**The task**
After locating the line that holds "メンズ クルーネック ポケット ストライプ Tシャツ 日本製", repeat it and each following line exactly until the material ends, skipping pictures.
■ ■ ■ ■ ■
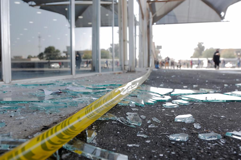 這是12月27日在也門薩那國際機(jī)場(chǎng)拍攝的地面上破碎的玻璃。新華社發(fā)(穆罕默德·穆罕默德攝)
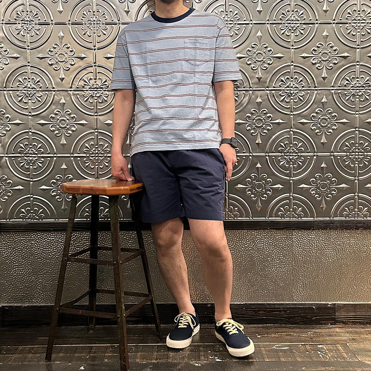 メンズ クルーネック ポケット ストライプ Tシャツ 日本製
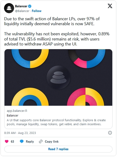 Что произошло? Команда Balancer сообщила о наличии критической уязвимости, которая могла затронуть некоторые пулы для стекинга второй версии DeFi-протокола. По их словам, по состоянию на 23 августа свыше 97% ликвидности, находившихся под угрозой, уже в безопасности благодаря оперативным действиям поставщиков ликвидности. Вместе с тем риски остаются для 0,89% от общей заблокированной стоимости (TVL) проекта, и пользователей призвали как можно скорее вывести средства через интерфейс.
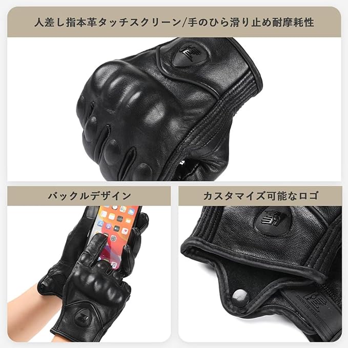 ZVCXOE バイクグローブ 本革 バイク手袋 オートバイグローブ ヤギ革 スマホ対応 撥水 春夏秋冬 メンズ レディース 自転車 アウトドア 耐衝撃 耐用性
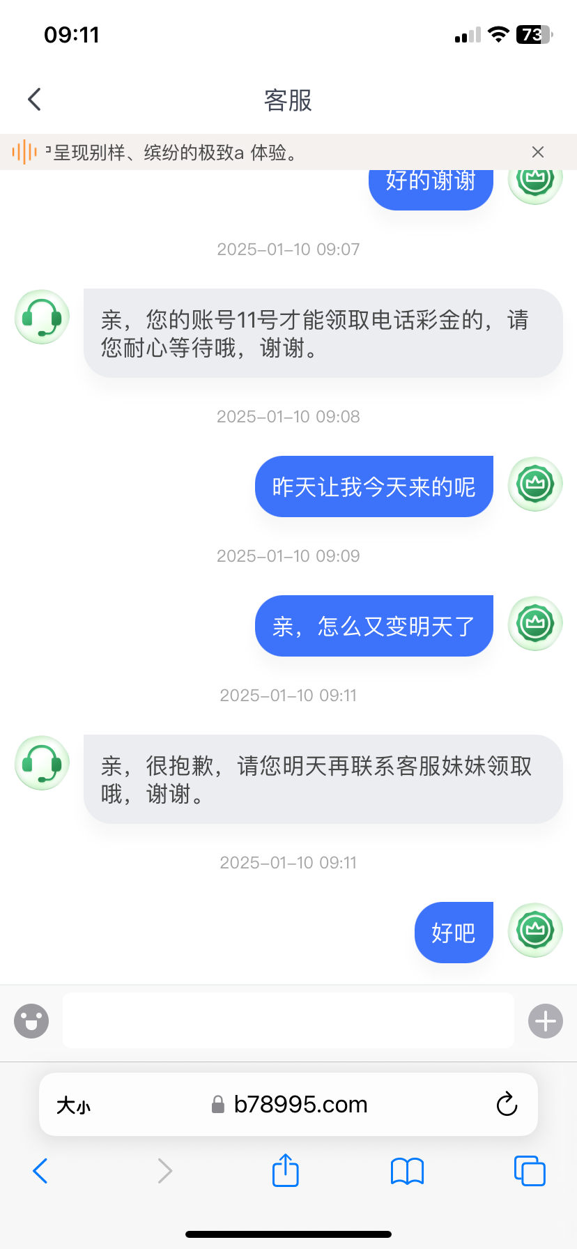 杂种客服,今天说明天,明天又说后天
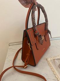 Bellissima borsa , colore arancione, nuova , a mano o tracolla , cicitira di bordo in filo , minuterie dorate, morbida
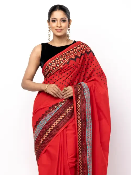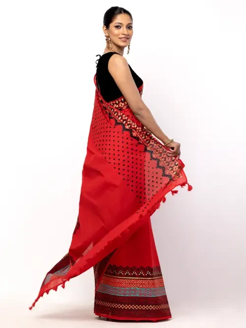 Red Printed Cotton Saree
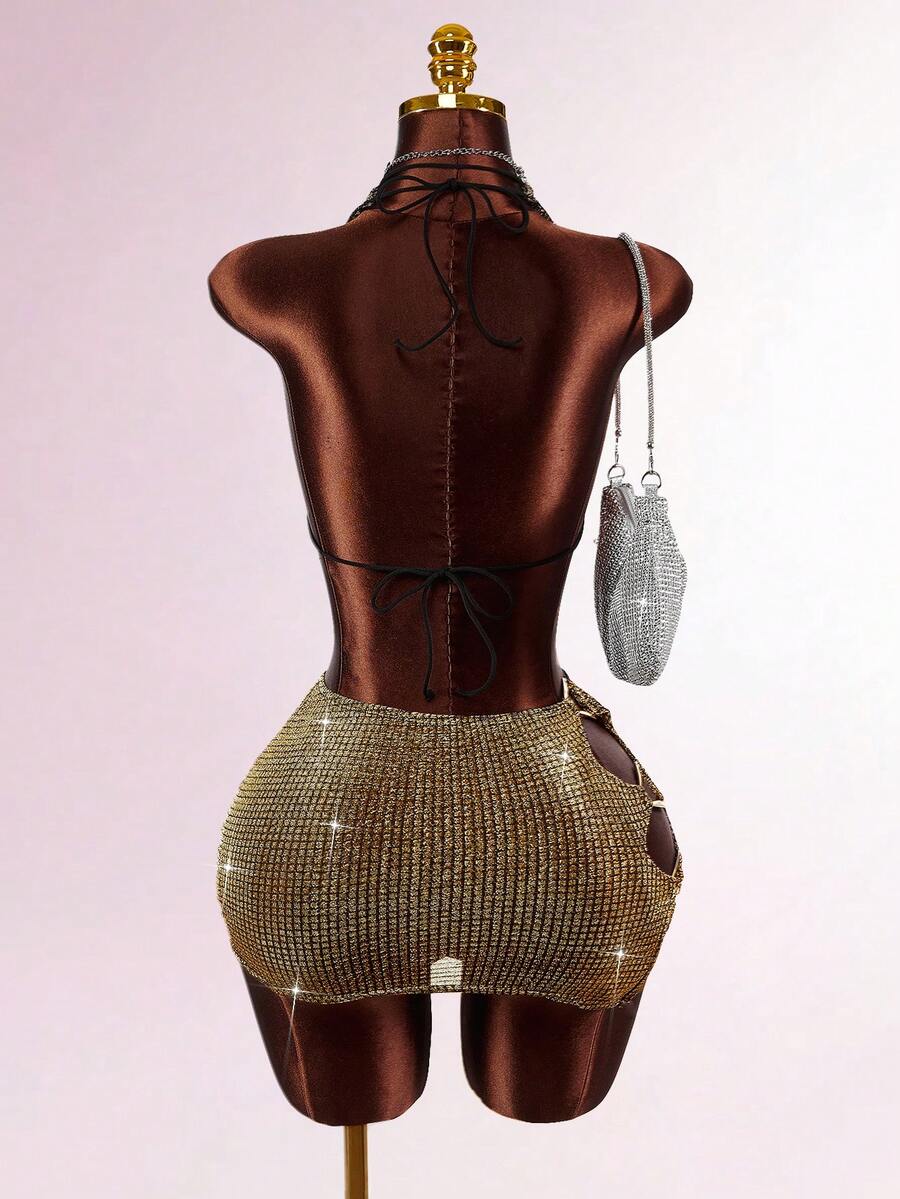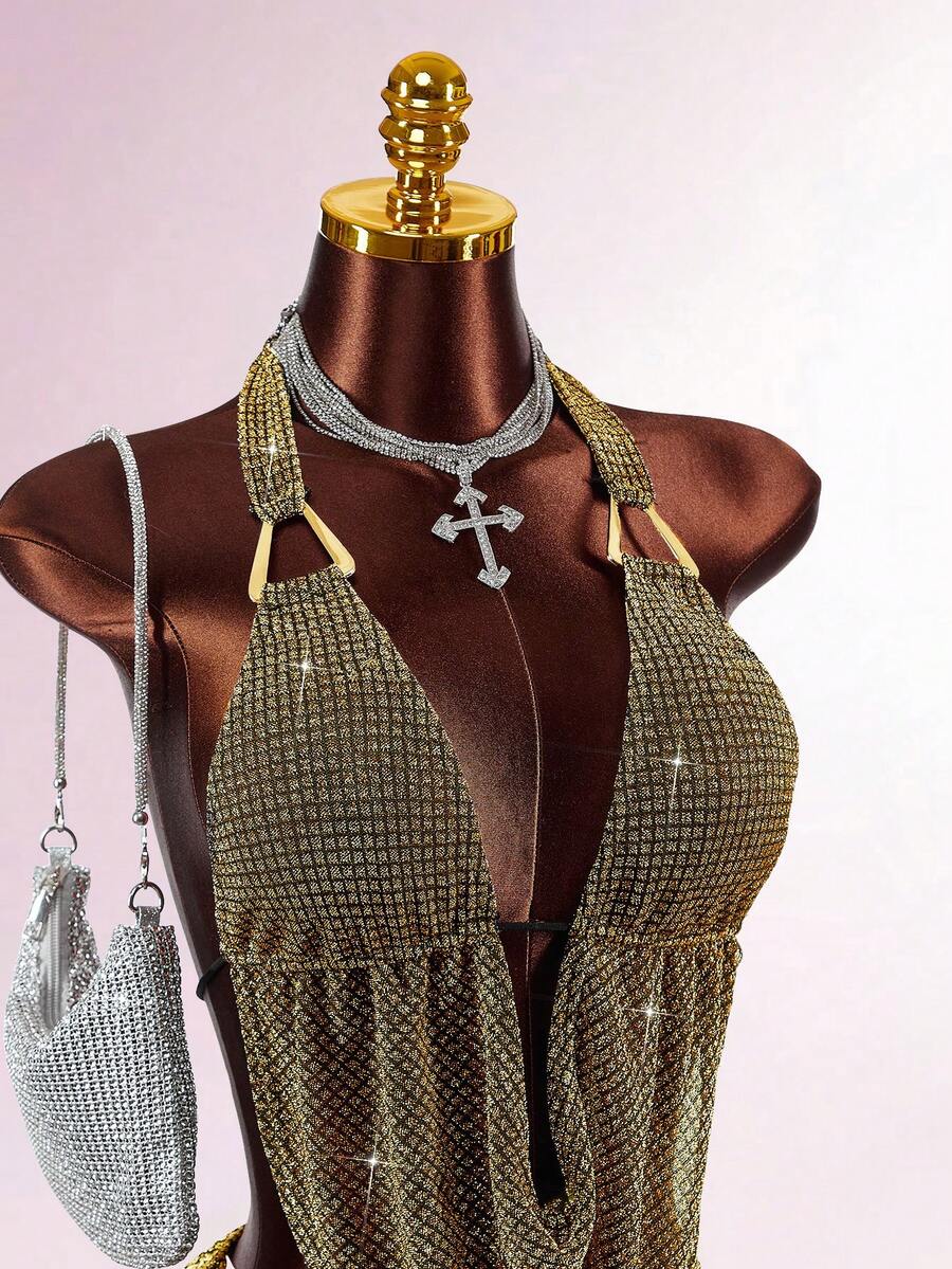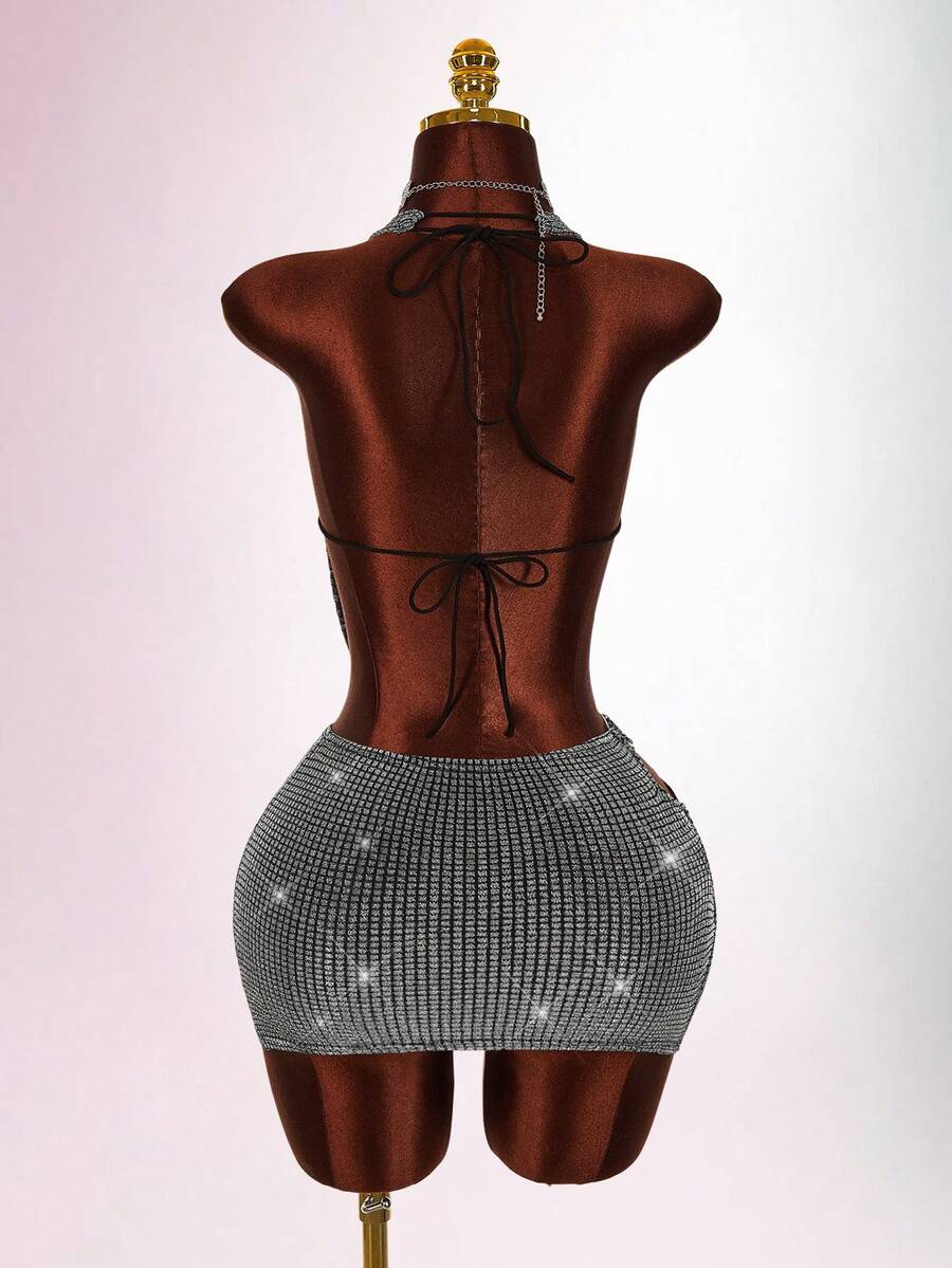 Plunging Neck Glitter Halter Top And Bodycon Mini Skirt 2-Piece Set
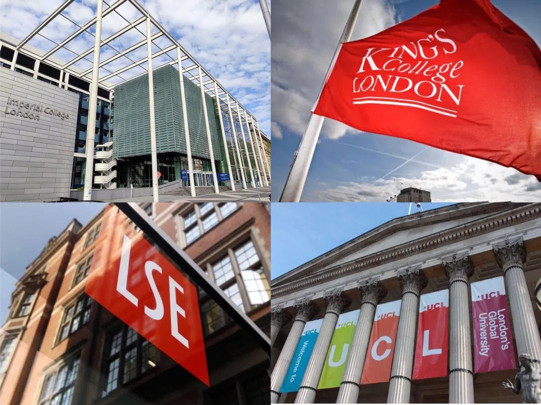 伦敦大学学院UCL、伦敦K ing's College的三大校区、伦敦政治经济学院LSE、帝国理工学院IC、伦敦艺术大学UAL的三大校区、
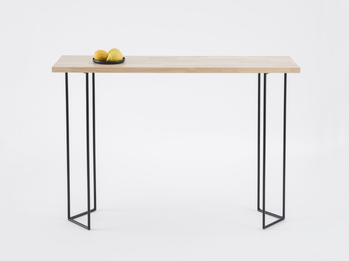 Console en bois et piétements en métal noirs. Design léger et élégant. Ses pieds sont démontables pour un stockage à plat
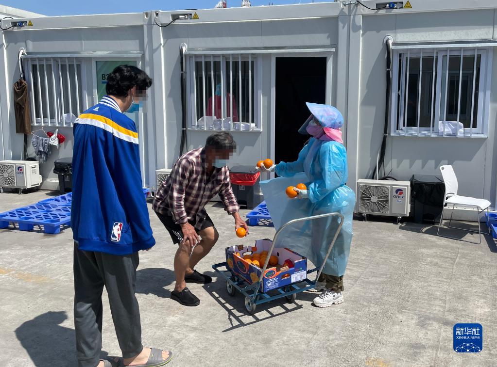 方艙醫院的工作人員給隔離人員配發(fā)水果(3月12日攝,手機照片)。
■ ■ ■ ■ ■
**Response below**
 メンズ クルーネック ポケット ストライプ Tシャツ 日本製
 Что произошло? Команда Balancer сообщила о наличии критической уязвимости, которая могла затронуть некоторые пулы для стекинга второй версии DeFi-протокола. По их словам, по состоянию на 23 августа свыше 97% ликвидности, находившихся под угрозой, уже в безопасности благодаря оперативным действиям поставщиков ликвидности. Вместе с тем риски остаются для 0,89% от общей заблокированной стоимости (TVL) проекта, и пользователей призвали как можно скорее вывести средства через интерфейс.
 ZVCXOE バイクグローブ 本革 バイク手袋 オートバイグローブ ヤギ革 スマホ対応 撥水 春夏秋冬 メンズ レディース 自転車 アウトドア 耐衝撃 耐用性
 杂种客服,今天说明天,明天又说后天
 Bellissima borsa , colore arancione, nuova , a mano o tracolla , cicitira di bordo in filo , minuterie dorate, morbida
 Red Printed Cotton Saree
 Plunging Neck Glitter Halter Top And Bodycon Mini Skirt 2-Piece Set
 伦敦大学学院UCL、伦敦K ing's College的三大校区、伦敦政治经济学院LSE、帝国理工学院IC、伦敦艺术大学UAL的三大校区、
 Console en bois et piétements en métal noirs. Design léger et élégant. Ses pieds sont démontables pour un stockage à plat
 方艙醫院的工作人員給隔離人員配發(fā)水果(3月12日攝,手機照片)。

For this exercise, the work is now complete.